Die Karlsruhe Richter entscheiden heute über ein Anleihenkaufprogramm der Europäischen Zentralbank (EZB), das seit seinem Beschluss 2012 gar nicht zum Einsatz kam. Der sogenannte OMT-Beschluss („Outright Monetary Transactions“) sieht vor, notfalls unbegrenzt Staatsanleihen von Krisenstaaten zu kaufen, um diese zahlungsfähig zu halten.

Allein mit der Ankündigung beruhigte EZB-Präsident Mario Draghi die Märkte. Das räumen auch seine Kritiker ein. Trotzdem ist bis heute umstritten, ob die Notenbank eigenmächtig solche Risiken für den Steuerzahler eingehen und direkt in nationale Haushalte eingreifen durfte. Denn als nicht demokratisch legitimiertes EU-Organ ist die Zentralbank nicht befugt, Wirtschaftspolitik zu betreiben.

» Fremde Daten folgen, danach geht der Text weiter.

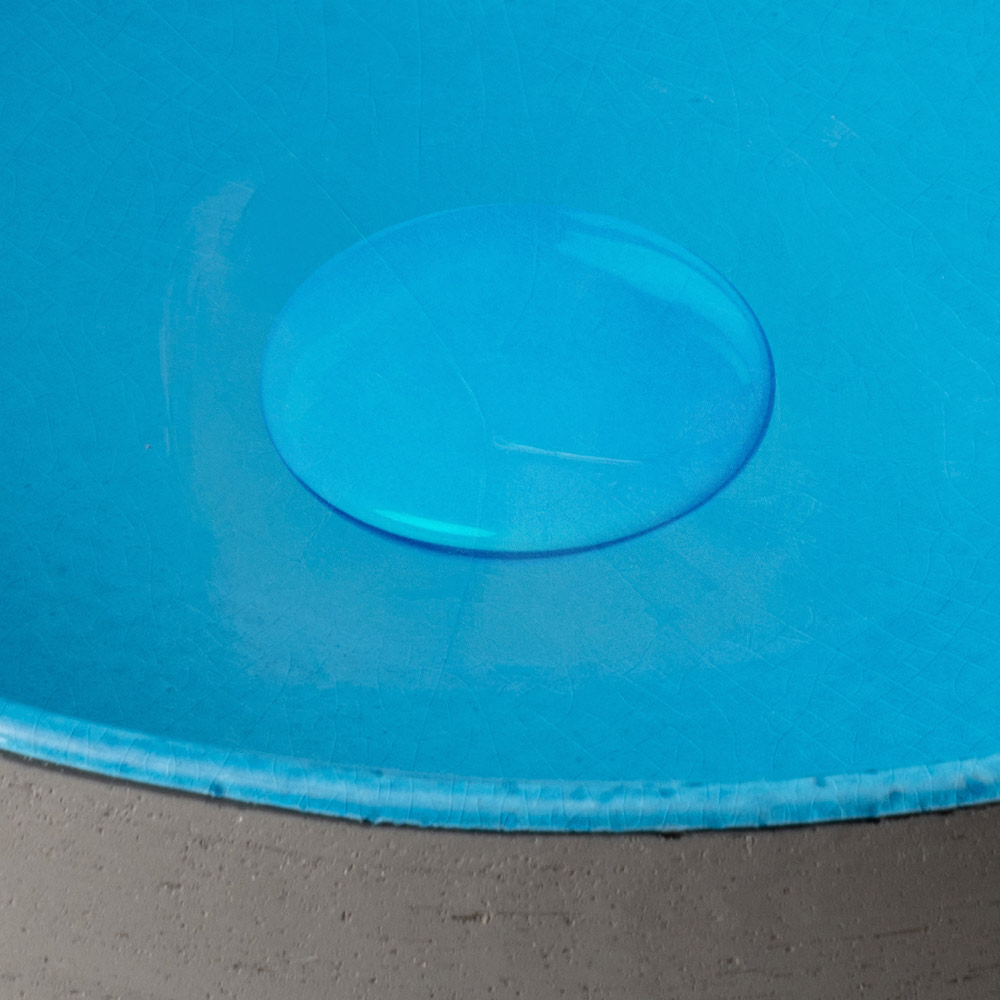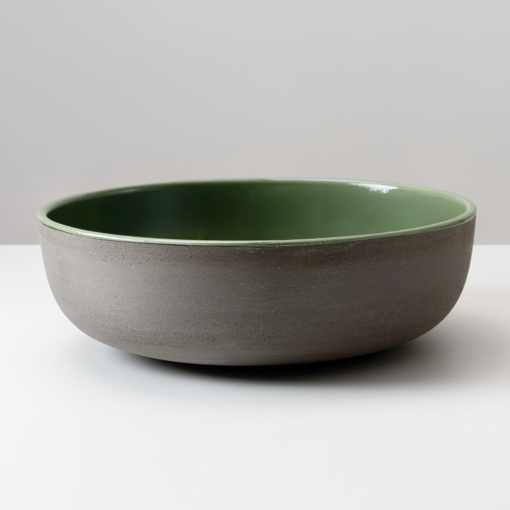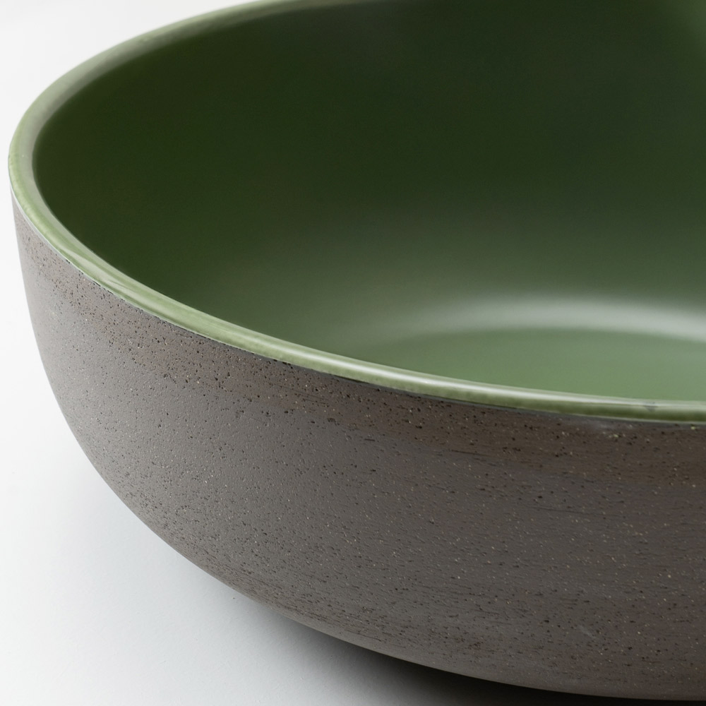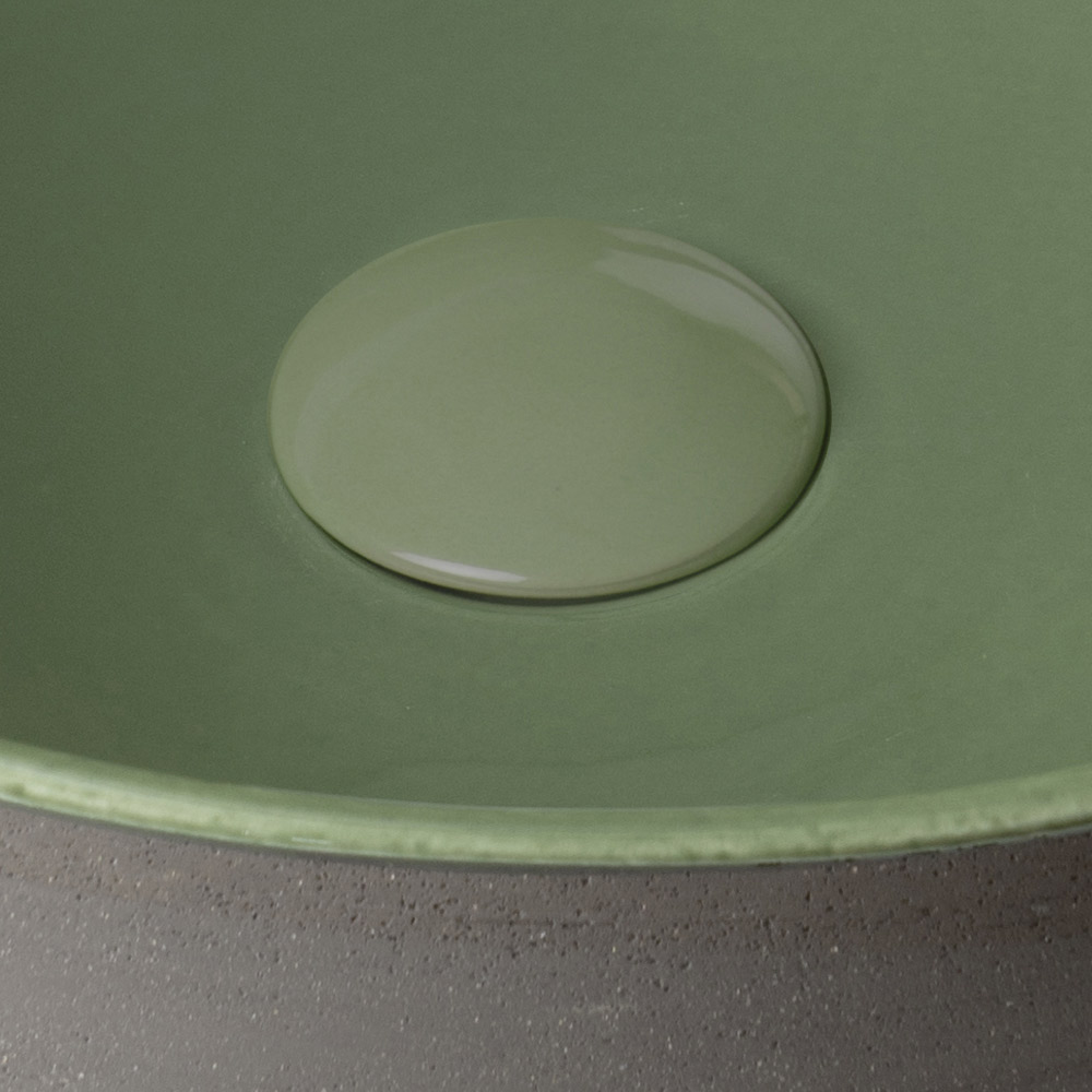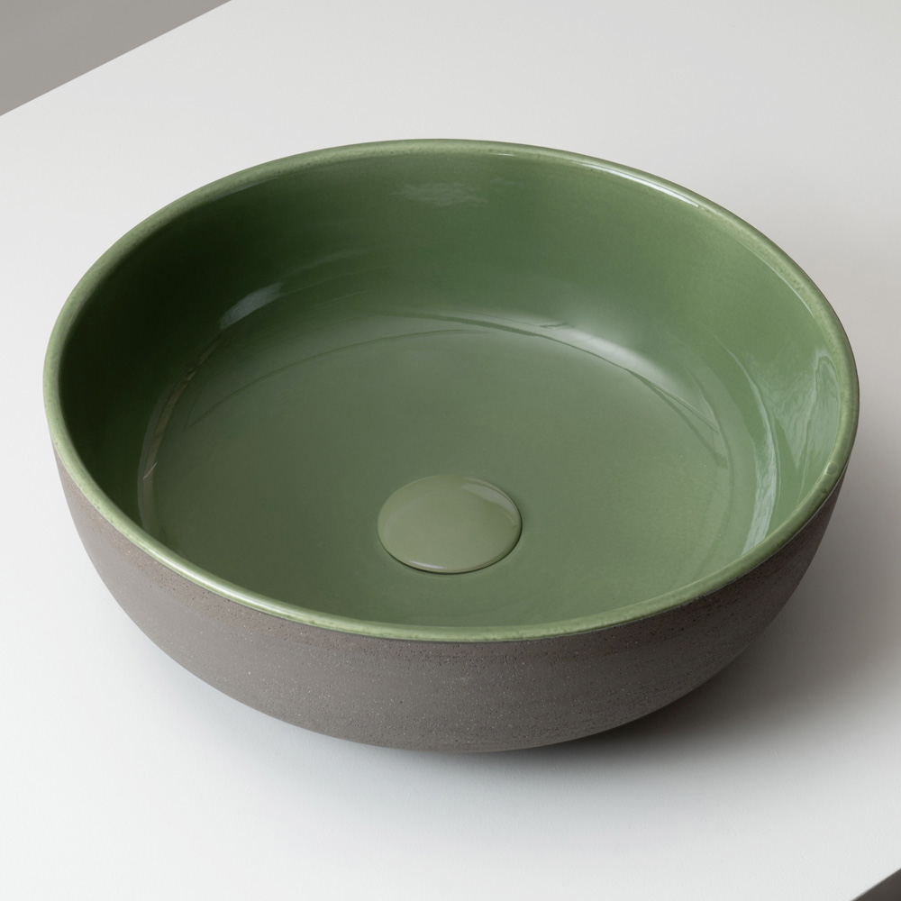 This countertop sink features a dark Raku exterior finish and stands out for its flared shape and the contrast between the internal vitreous enamels and the almost sanded-textured exterior surface. This material balance makes the sink a true design statement.

Die Karlsruher Richter hatten Anfang 2014 keinen Hehl daraus gemacht, dass sie das Programm für verfassungswidrig halten. Inzwischen hat aber der Europäische Gerichtshof (EuGH) OMT für rechtmäßig erklärt. Dazu müssen sich die deutschen Verfassungshüter nun verhalten.

Prinzipiell sind sie in ihrer Entscheidung unabhängig. Sich über das EuGH-Urteil einfach hinwegzusetzen, wäre aber ein offener Affront. Denn Karlsruhe hatte Luxemburg selbst um eine Beurteilung etlicher europarechtlicher Fragen gebeten – und zwar überhaupt zum ersten Mal. Beobachter halten deshalb einen Kompromiss für wahrscheinlich.

Geklagt haben unter anderen der frühere CSU-Vize Peter Gauweiler, der Verein „Mehr Demokratie“ mit Ex-Bundesjustizministerin Herta Däubler-Gmelin (SPD) und die Linksfraktion im Bundestag. Erklären die Verfassungsrichter das Programm tatsächlich für rechtswidrig, dürfte Deutschland sich über die Bundesbank nicht mehr beteiligen. Damit fiele der größte EZB-Anteilseigner aus. Vor dem Brexit-Referendum könnte das die Nervosität an den Märkten noch steigern.

Auf die aktuellen Anleihenkäufe der EZB ist das Urteil nicht direkt übertragbar. Um die Konjunktur anzukurbeln, steckt die Notenbank seit März 2015 viele Milliarden Euro in Staats- und Unternehmensanleihen (Quantitative Easing/QE). Auch dagegen gibt es Verfassungsklagen.